Can you print the data exactly and leave out each image?

*Data*.
************
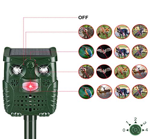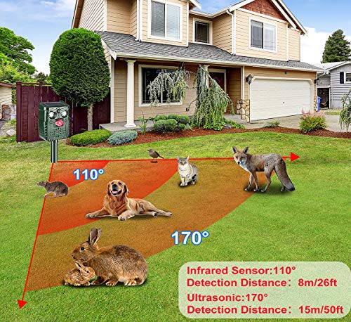 - 【Umano e rispettoso dell'ambiente】 - L'audio ad ultrasuoni ad alta sensibilità incorporato, il rilevatore a infrarossi e il flash LED, quando l'animale entra nell'area del rilevatore a infrarossi, attiva l'ecografia del gatto per emettere un'ecografia di frequenza variabile, che consente all'animale di fuggire dall'area. 4 diverse frequenze con maggiore sensibilità. Utilizza anche suoni e potenti flash per guidare gli animali.
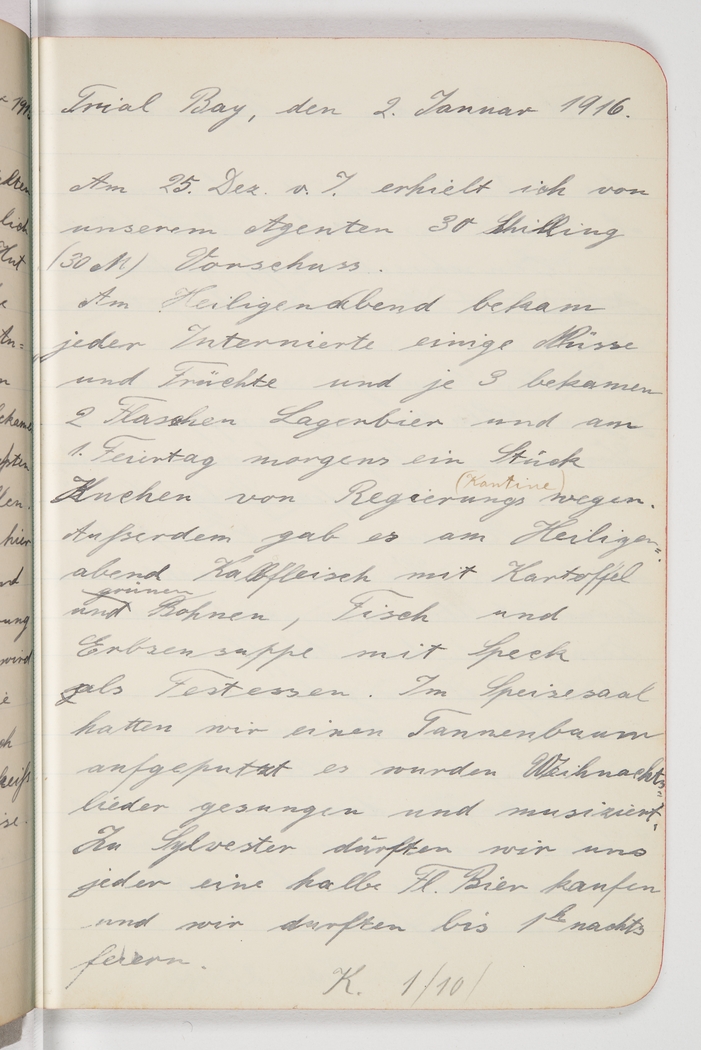 <p>[Page 64]</p><p>Trial Bay, January 2, 1916. On the 25th of Dec. I received an advance of 30 shillings (30 M) from our agent. On Christmas Eve, courtesy of the government (canteen), each internee was given a few nuts and fruit, and every 3 men got 2 bottles of lager beer, and on Christmas Day each got a piece of cake. Also, on Christmas Eve we were served a special dinner of veal with potatoes and green beans, fish and pea soup with bacon. We had put up a Christmas tree in the canteen and we sang and played Christmas carols. On New Year&#39;s Eve we were allowed to buy half a bottle of beer each and to stay up until 1am.</p><p>[In margin]&nbsp; &nbsp;K. 1/10/&nbsp;</p>
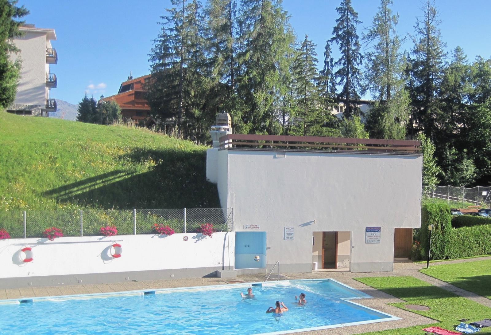 Bien qu'à deux pas seulement de la Migros et de l'arrêt de bus correspondant, ce studio jouit d'un emplacement tranquille et reposant. Il est orienté sud et vous permettra de profiter pleinement de son balcon. En été un accès libre à la piscine chauffée extérieure fait partie de l'offre.
************
*Completed exercise*.
 - 【Umano e rispettoso dell'ambiente】 - L'audio ad ultrasuoni ad alta sensibilità incorporato, il rilevatore a infrarossi e il flash LED, quando l'animale entra nell'area del rilevatore a infrarossi, attiva l'ecografia del gatto per emettere un'ecografia di frequenza variabile, che consente all'animale di fuggire dall'area. 4 diverse frequenze con maggiore sensibilità. Utilizza anche suoni e potenti flash per guidare gli animali.
 <p>[Page 64]</p><p>Trial Bay, January 2, 1916. On the 25th of Dec. I received an advance of 30 shillings (30 M) from our agent. On Christmas Eve, courtesy of the government (canteen), each internee was given a few nuts and fruit, and every 3 men got 2 bottles of lager beer, and on Christmas Day each got a piece of cake. Also, on Christmas Eve we were served a special dinner of veal with potatoes and green beans, fish and pea soup with bacon. We had put up a Christmas tree in the canteen and we sang and played Christmas carols. On New Year&#39;s Eve we were allowed to buy half a bottle of beer each and to stay up until 1am.</p><p>[In margin]&nbsp; &nbsp;K. 1/10/&nbsp;</p>
 Bien qu'à deux pas seulement de la Migros et de l'arrêt de bus correspondant, ce studio jouit d'un emplacement tranquille et reposant. Il est orienté sud et vous permettra de profiter pleinement de son balcon. En été un accès libre à la piscine chauffée extérieure fait partie de l'offre.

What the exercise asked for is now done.